What you are asked to do –
Only the pictures are to be dropped, and the rest of the data should be copied exactly.
Supplied information section start
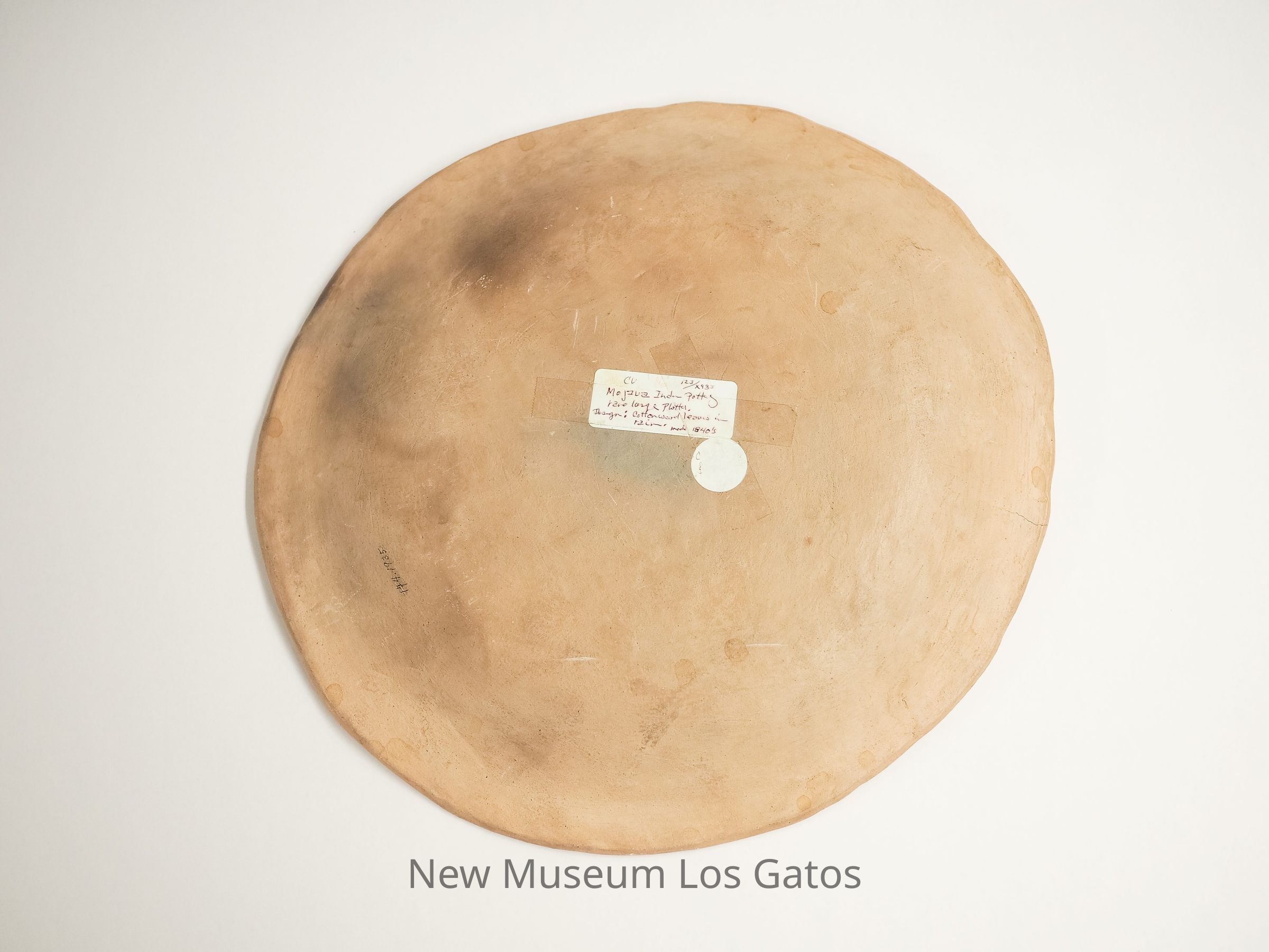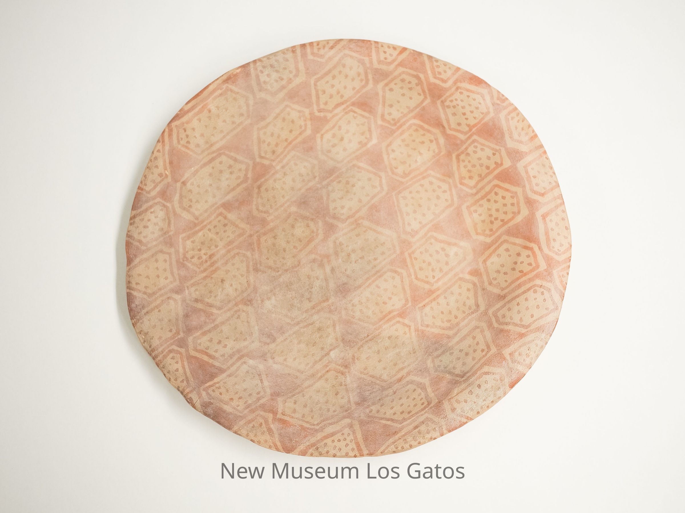 A large, flat ceramic platter made by the Mojave people. It is a pale beige color, with an orange painted design.Collection
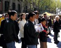 在等候签名的队伍中,有来自不同种族的人,也有中国人。有几位中国人路过这里时看到酷刑演示和图片,不由停住脚步观看,一位学员上前递给他们真象资料说:“法轮功遭迫害是千古奇冤,全世界都知道,你们知道吗?”他们说:“听说过。”学员说:“现在这个迫害还在继续,已经有很多人被迫害致死致残,从八个月的婴孩到七、八十岁的老人都不放过,……”其中一位中国人忍不住了,愤愤的说:“共产党一贯就是那一套,把好人往死里整。”另一个说:“可不是,坏透了!要不中国人怎么都想往国外跑呢。”
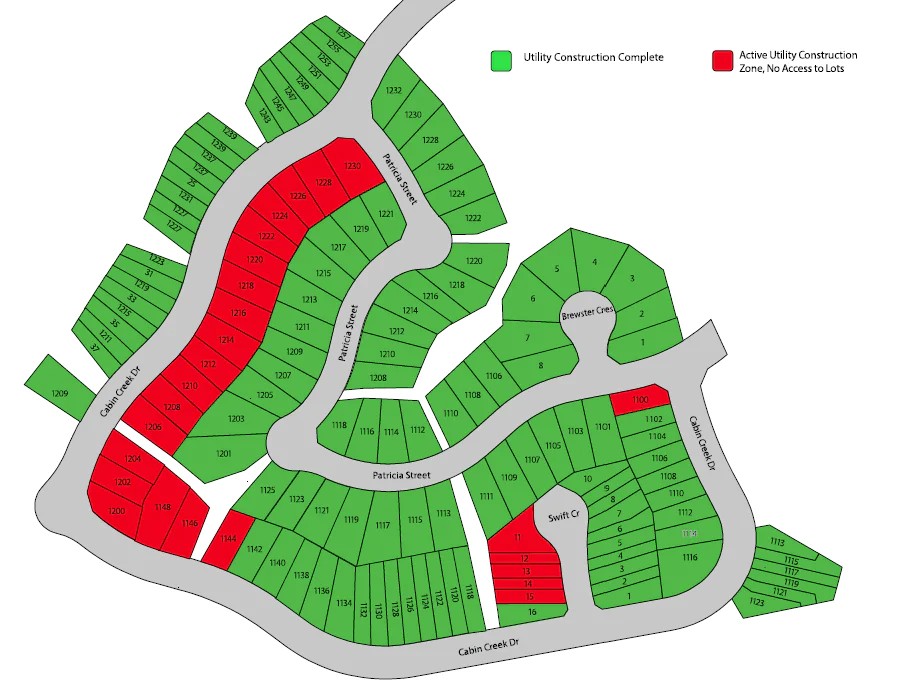 ATCO has published an updated map showing which lots in Cabin Creek West have been 'released' following completion of utility re-installation work. Builders working on active construction zone properties should contact ATCO directly about starting work on those lots.
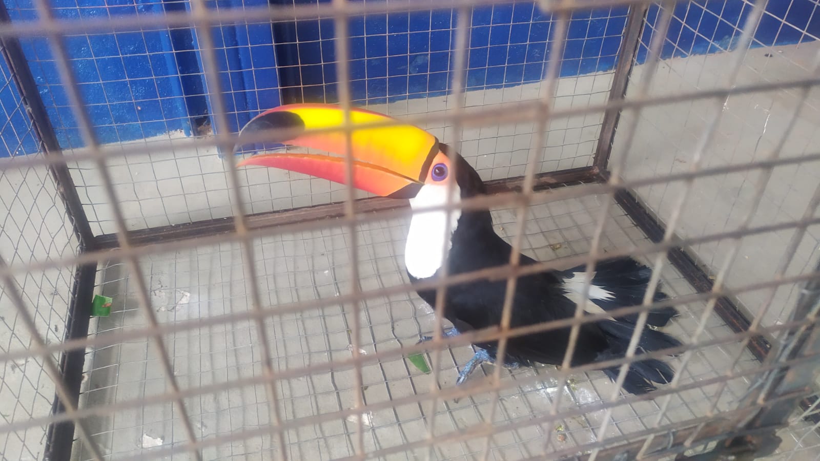 Campo Grande (MS) – Um animal da espécie Ramphastos toco, conhecida como tucano foi captura hoje (15) no início da tarde, por Policiais Militares Ambientais de Bela Vista. Os Militares receberam um chamado de uma moradora do bairro Água Doce, que
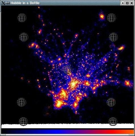 A high performance visualization tool for stars and particles able to run on Beowulfs. Rendering step is implemented separately and optimized for SSE, compatible with OpenGL. Navigation mechanism with quaternions. Ten color maps, sobel contour detect
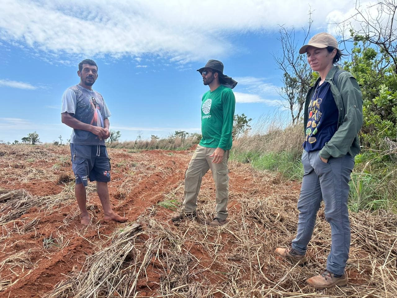 Em parceria com a Associação dos Produtores Agroecológicos do Alto São Bartolomeu (Aprospera), a equipe técnica da Rede de Sementes do Cerrado (RSC), realizou na última semana, uma visita técnica para acompanhar o preparo de áreas para a implantação dos Sistemas Agrocerratenses (SACEs) no Assentamento Oziel Alves III, em Planaltina de Goiás. As ações fazem parte do projeto “Sementes do Cerrado: caminhos para o fortalecimento da cadeia de restauração ecológica inclusiva nos corredores da biodiversidade“, apoiado pelo edital Floresta Viva do Fundo Brasileiro para a Biodiversidade (FUNBIO) e Banco Nacional de Desenvolvimento Econômico e Social (BNDES).
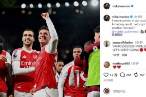阿森納中場(chǎng)梅里諾社媒曬出與進(jìn)球功臣蘇維門迪一起慶祝的照片,配文:“我們又收獲3分!很棒的結(jié)果,繼續(xù)加油!”
Supplied information section end
Response box –
 A large, flat ceramic platter made by the Mojave people. It is a pale beige color, with an orange painted design.Collection
 在等候签名的队伍中,有来自不同种族的人,也有中国人。有几位中国人路过这里时看到酷刑演示和图片,不由停住脚步观看,一位学员上前递给他们真象资料说:“法轮功遭迫害是千古奇冤,全世界都知道,你们知道吗?”他们说:“听说过。”学员说:“现在这个迫害还在继续,已经有很多人被迫害致死致残,从八个月的婴孩到七、八十岁的老人都不放过,……”其中一位中国人忍不住了,愤愤的说:“共产党一贯就是那一套,把好人往死里整。”另一个说:“可不是,坏透了!要不中国人怎么都想往国外跑呢。”
 ATCO has published an updated map showing which lots in Cabin Creek West have been 'released' following completion of utility re-installation work. Builders working on active construction zone properties should contact ATCO directly about starting work on those lots.
 Campo Grande (MS) – Um animal da espécie Ramphastos toco, conhecida como tucano foi captura hoje (15) no início da tarde, por Policiais Militares Ambientais de Bela Vista. Os Militares receberam um chamado de uma moradora do bairro Água Doce, que
 A high performance visualization tool for stars and particles able to run on Beowulfs. Rendering step is implemented separately and optimized for SSE, compatible with OpenGL. Navigation mechanism with quaternions. Ten color maps, sobel contour detect
 Em parceria com a Associação dos Produtores Agroecológicos do Alto São Bartolomeu (Aprospera), a equipe técnica da Rede de Sementes do Cerrado (RSC), realizou na última semana, uma visita técnica para acompanhar o preparo de áreas para a implantação dos Sistemas Agrocerratenses (SACEs) no Assentamento Oziel Alves III, em Planaltina de Goiás. As ações fazem parte do projeto “Sementes do Cerrado: caminhos para o fortalecimento da cadeia de restauração ecológica inclusiva nos corredores da biodiversidade“, apoiado pelo edital Floresta Viva do Fundo Brasileiro para a Biodiversidade (FUNBIO) e Banco Nacional de Desenvolvimento Econômico e Social (BNDES).
阿森納中場(chǎng)梅里諾社媒曬出與進(jìn)球功臣蘇維門迪一起慶祝的照片,配文:“我們又收獲3分!很棒的結(jié)果,繼續(xù)加油!”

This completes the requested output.